Nothing except the pictures should be left out when you reproduce the listing exactly.

== Segment start ==

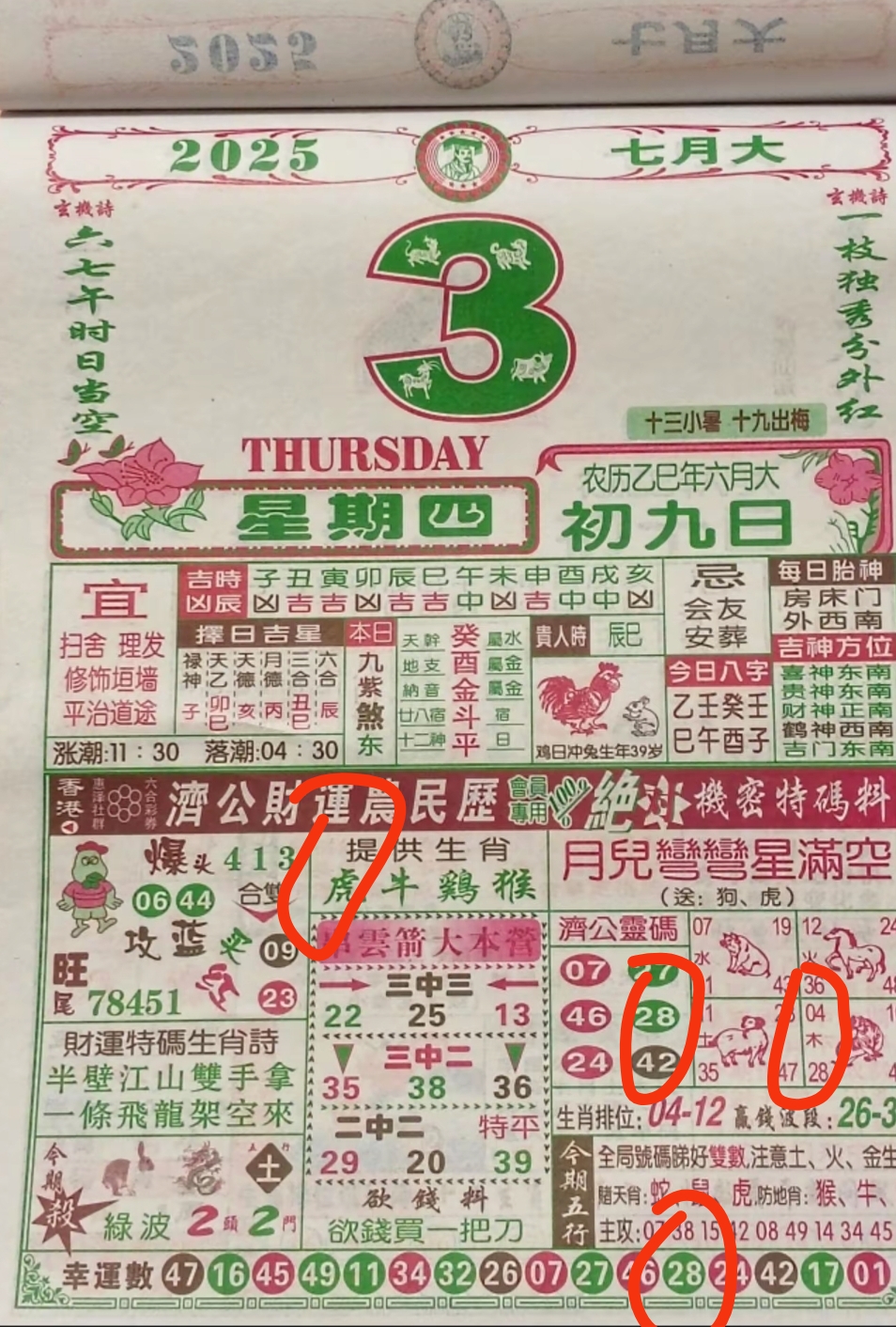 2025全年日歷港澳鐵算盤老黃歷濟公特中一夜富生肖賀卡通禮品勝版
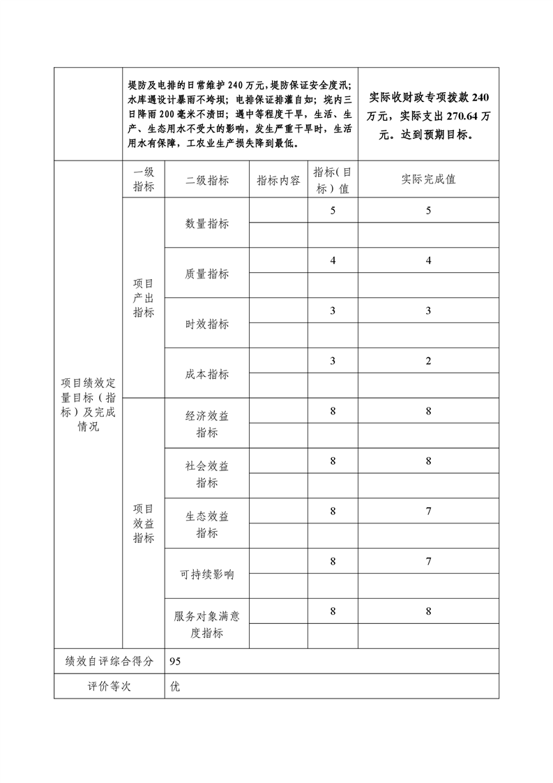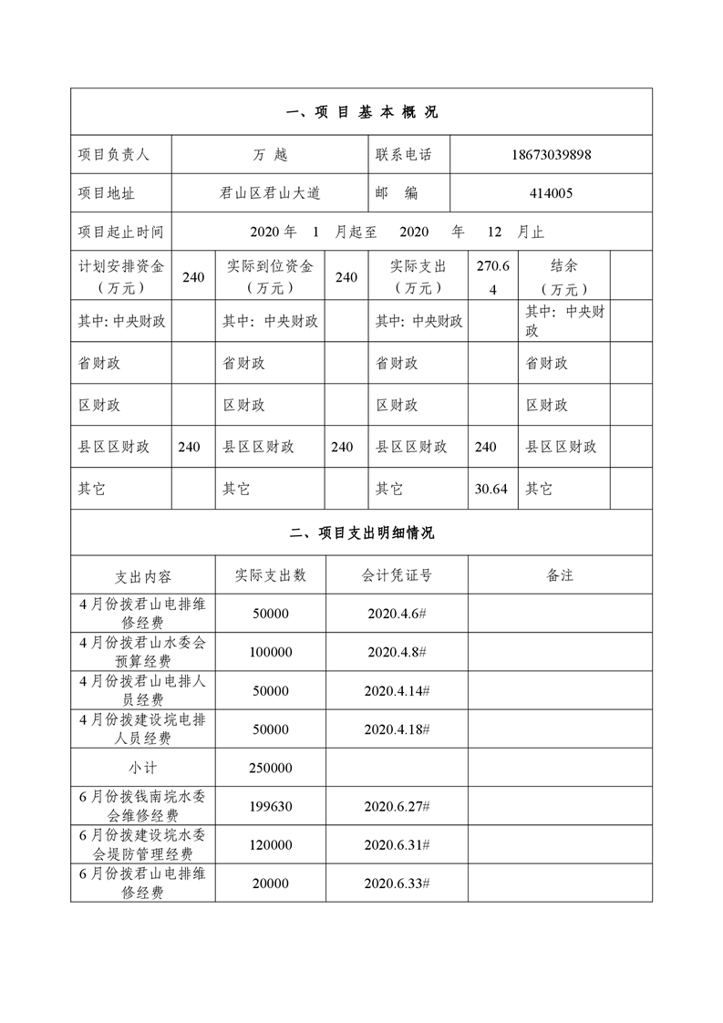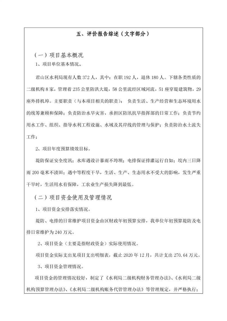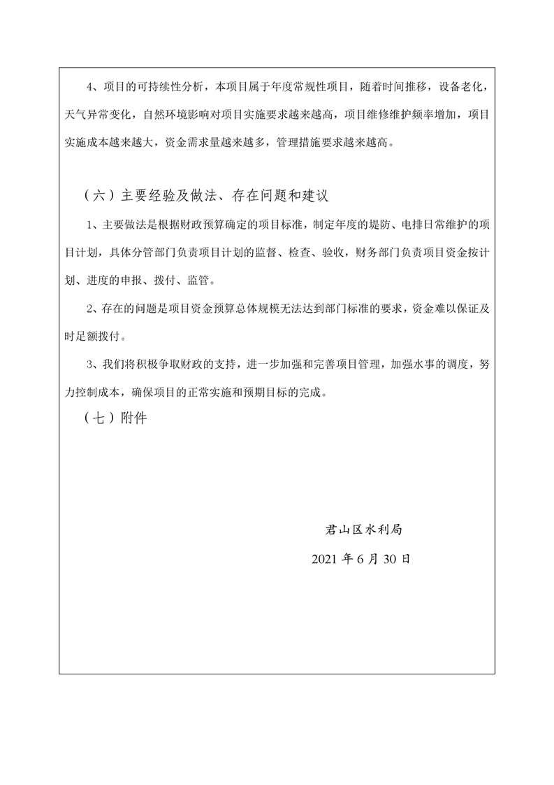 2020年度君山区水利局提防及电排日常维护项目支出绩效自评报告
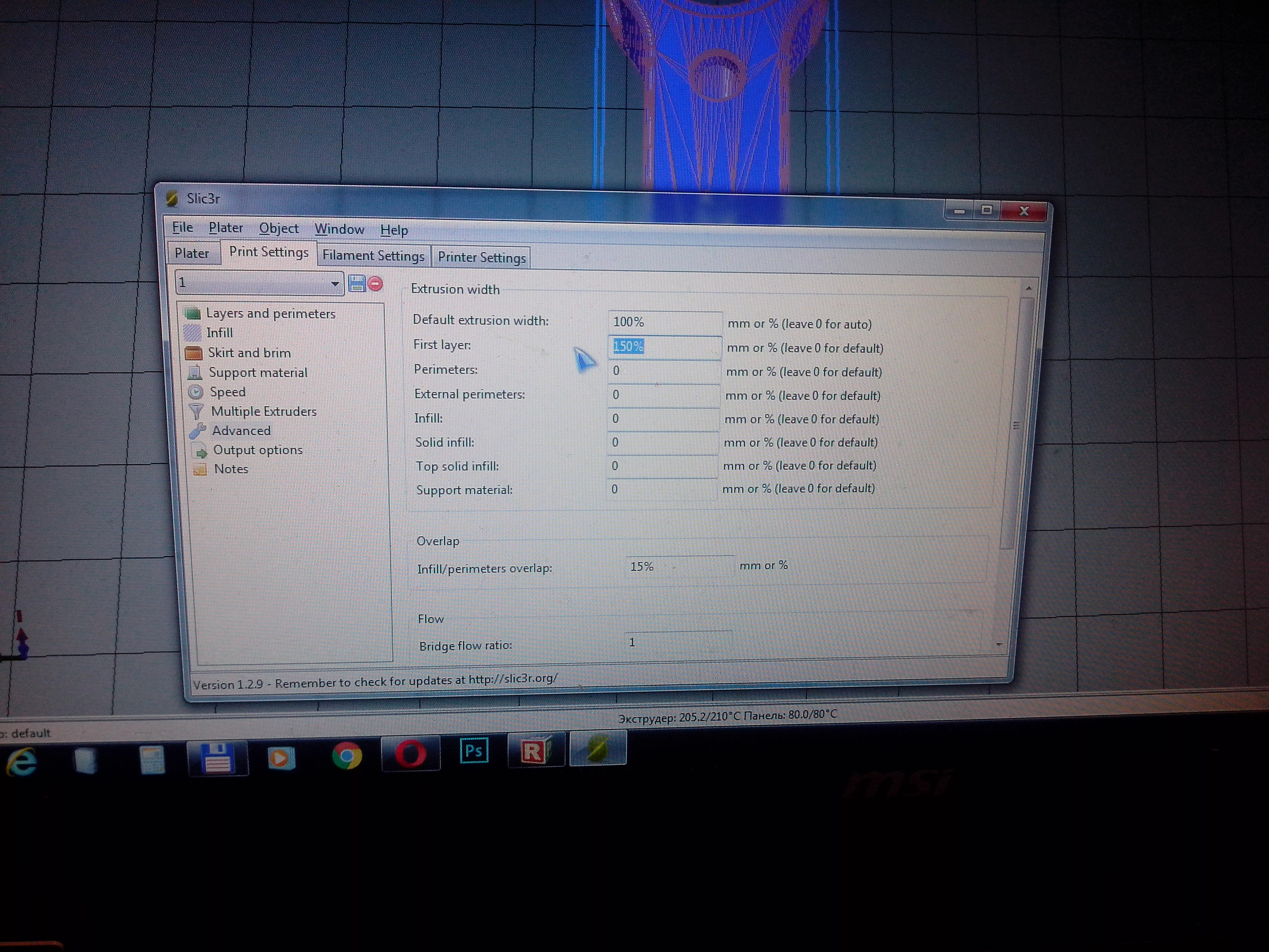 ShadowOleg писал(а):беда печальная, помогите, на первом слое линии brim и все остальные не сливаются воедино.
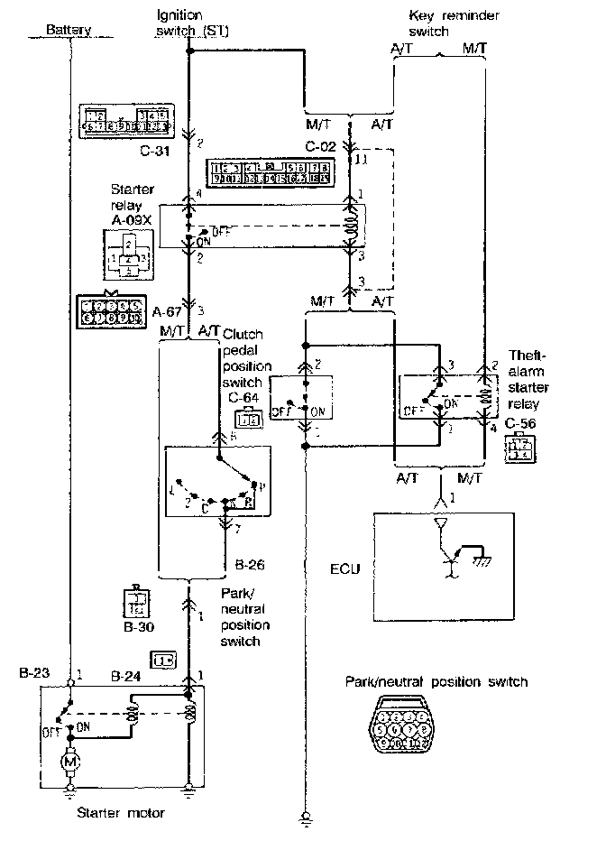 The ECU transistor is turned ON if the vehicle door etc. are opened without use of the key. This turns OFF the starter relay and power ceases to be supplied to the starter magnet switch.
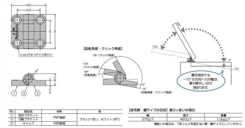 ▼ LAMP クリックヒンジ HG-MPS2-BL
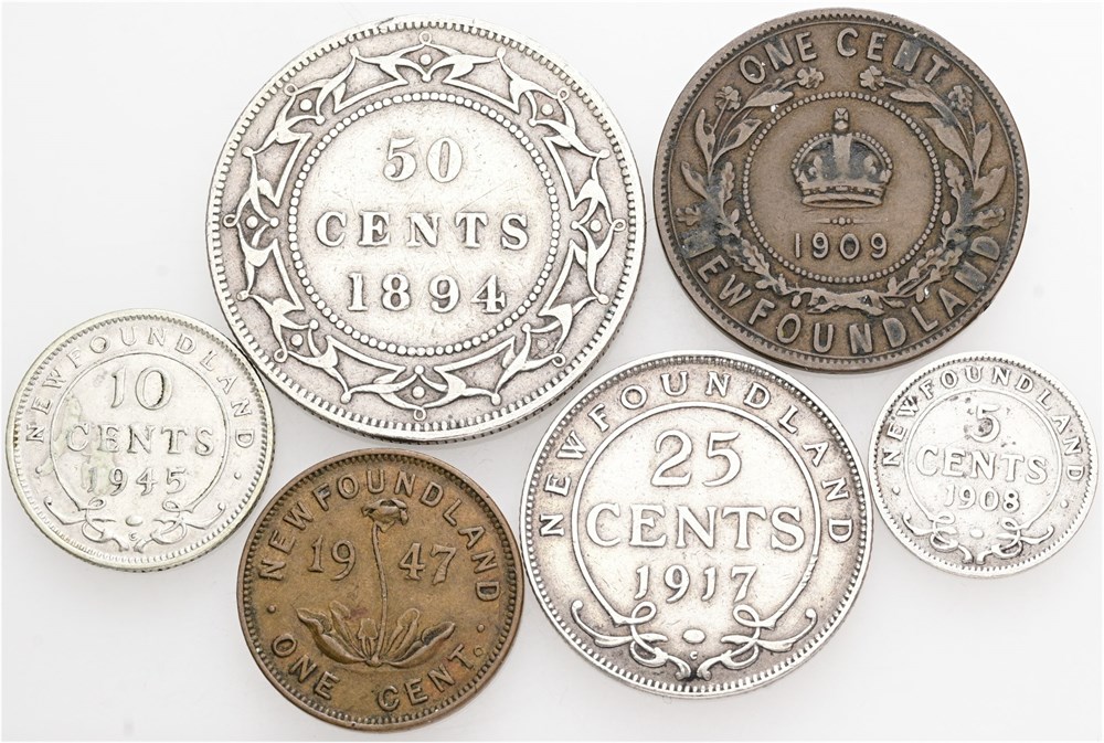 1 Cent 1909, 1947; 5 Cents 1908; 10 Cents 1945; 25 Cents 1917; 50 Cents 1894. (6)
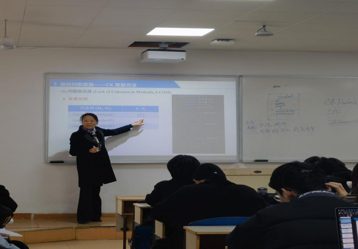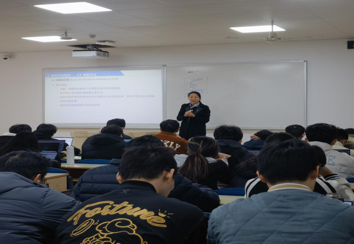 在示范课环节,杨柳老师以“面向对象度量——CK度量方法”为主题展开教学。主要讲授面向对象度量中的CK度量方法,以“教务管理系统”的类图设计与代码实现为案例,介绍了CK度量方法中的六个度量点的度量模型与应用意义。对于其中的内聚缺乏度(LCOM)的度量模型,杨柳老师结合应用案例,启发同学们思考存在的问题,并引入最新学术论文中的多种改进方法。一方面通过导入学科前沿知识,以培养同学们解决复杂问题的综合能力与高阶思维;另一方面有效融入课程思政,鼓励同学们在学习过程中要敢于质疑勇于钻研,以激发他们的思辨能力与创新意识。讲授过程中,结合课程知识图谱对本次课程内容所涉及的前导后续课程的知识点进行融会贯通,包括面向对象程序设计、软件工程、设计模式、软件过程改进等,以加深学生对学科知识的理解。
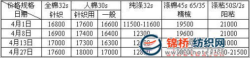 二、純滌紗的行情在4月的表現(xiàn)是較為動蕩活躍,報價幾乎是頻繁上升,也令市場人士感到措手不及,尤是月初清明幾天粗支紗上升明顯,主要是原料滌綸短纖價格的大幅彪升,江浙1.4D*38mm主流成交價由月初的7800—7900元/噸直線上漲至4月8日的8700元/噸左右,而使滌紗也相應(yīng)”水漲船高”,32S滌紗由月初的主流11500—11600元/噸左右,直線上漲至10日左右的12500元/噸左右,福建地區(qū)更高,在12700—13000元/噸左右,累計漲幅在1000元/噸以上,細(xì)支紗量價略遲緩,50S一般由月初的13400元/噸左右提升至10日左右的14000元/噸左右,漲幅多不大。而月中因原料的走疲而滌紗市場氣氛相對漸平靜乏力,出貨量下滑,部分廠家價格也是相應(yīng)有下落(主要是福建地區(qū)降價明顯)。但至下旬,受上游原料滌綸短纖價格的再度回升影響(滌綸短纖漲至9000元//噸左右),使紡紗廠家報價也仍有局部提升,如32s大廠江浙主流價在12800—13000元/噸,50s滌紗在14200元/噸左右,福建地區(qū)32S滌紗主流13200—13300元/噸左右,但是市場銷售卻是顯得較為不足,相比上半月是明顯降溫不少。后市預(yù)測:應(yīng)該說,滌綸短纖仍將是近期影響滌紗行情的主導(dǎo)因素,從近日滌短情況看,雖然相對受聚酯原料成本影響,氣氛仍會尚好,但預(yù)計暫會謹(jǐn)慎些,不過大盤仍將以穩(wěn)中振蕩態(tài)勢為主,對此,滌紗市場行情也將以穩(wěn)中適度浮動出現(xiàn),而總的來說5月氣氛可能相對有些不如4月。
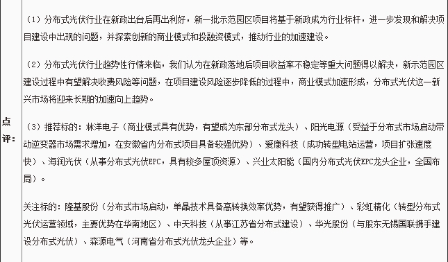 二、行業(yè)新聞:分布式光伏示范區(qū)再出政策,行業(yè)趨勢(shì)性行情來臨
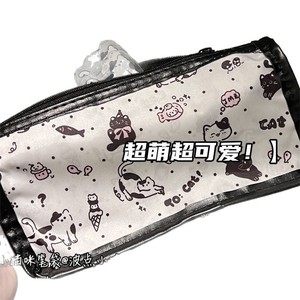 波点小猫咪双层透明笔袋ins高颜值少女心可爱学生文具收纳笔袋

== Segment end ==

◆ **Response to the exercise**:
 2025全年日歷港澳鐵算盤老黃歷濟公特中一夜富生肖賀卡通禮品勝版
 2020年度君山区水利局提防及电排日常维护项目支出绩效自评报告
 ShadowOleg писал(а):беда печальная, помогите, на первом слое линии brim и все остальные не сливаются воедино.
 The ECU transistor is turned ON if the vehicle door etc. are opened without use of the key. This turns OFF the starter relay and power ceases to be supplied to the starter magnet switch.
 ▼ LAMP クリックヒンジ HG-MPS2-BL
 1 Cent 1909, 1947; 5 Cents 1908; 10 Cents 1945; 25 Cents 1917; 50 Cents 1894. (6)
 在示范课环节,杨柳老师以“面向对象度量——CK度量方法”为主题展开教学。主要讲授面向对象度量中的CK度量方法,以“教务管理系统”的类图设计与代码实现为案例,介绍了CK度量方法中的六个度量点的度量模型与应用意义。对于其中的内聚缺乏度(LCOM)的度量模型,杨柳老师结合应用案例,启发同学们思考存在的问题,并引入最新学术论文中的多种改进方法。一方面通过导入学科前沿知识,以培养同学们解决复杂问题的综合能力与高阶思维;另一方面有效融入课程思政,鼓励同学们在学习过程中要敢于质疑勇于钻研,以激发他们的思辨能力与创新意识。讲授过程中,结合课程知识图谱对本次课程内容所涉及的前导后续课程的知识点进行融会贯通,包括面向对象程序设计、软件工程、设计模式、软件过程改进等,以加深学生对学科知识的理解。
 二、純滌紗的行情在4月的表現(xiàn)是較為動蕩活躍,報價幾乎是頻繁上升,也令市場人士感到措手不及,尤是月初清明幾天粗支紗上升明顯,主要是原料滌綸短纖價格的大幅彪升,江浙1.4D*38mm主流成交價由月初的7800—7900元/噸直線上漲至4月8日的8700元/噸左右,而使滌紗也相應(yīng)”水漲船高”,32S滌紗由月初的主流11500—11600元/噸左右,直線上漲至10日左右的12500元/噸左右,福建地區(qū)更高,在12700—13000元/噸左右,累計漲幅在1000元/噸以上,細(xì)支紗量價略遲緩,50S一般由月初的13400元/噸左右提升至10日左右的14000元/噸左右,漲幅多不大。而月中因原料的走疲而滌紗市場氣氛相對漸平靜乏力,出貨量下滑,部分廠家價格也是相應(yīng)有下落(主要是福建地區(qū)降價明顯)。但至下旬,受上游原料滌綸短纖價格的再度回升影響(滌綸短纖漲至9000元//噸左右),使紡紗廠家報價也仍有局部提升,如32s大廠江浙主流價在12800—13000元/噸,50s滌紗在14200元/噸左右,福建地區(qū)32S滌紗主流13200—13300元/噸左右,但是市場銷售卻是顯得較為不足,相比上半月是明顯降溫不少。后市預(yù)測:應(yīng)該說,滌綸短纖仍將是近期影響滌紗行情的主導(dǎo)因素,從近日滌短情況看,雖然相對受聚酯原料成本影響,氣氛仍會尚好,但預(yù)計暫會謹(jǐn)慎些,不過大盤仍將以穩(wěn)中振蕩態(tài)勢為主,對此,滌紗市場行情也將以穩(wěn)中適度浮動出現(xiàn),而總的來說5月氣氛可能相對有些不如4月。
 二、行業(yè)新聞:分布式光伏示范區(qū)再出政策,行業(yè)趨勢(shì)性行情來臨
 波点小猫咪双层透明笔袋ins高颜值少女心可爱学生文具收纳笔袋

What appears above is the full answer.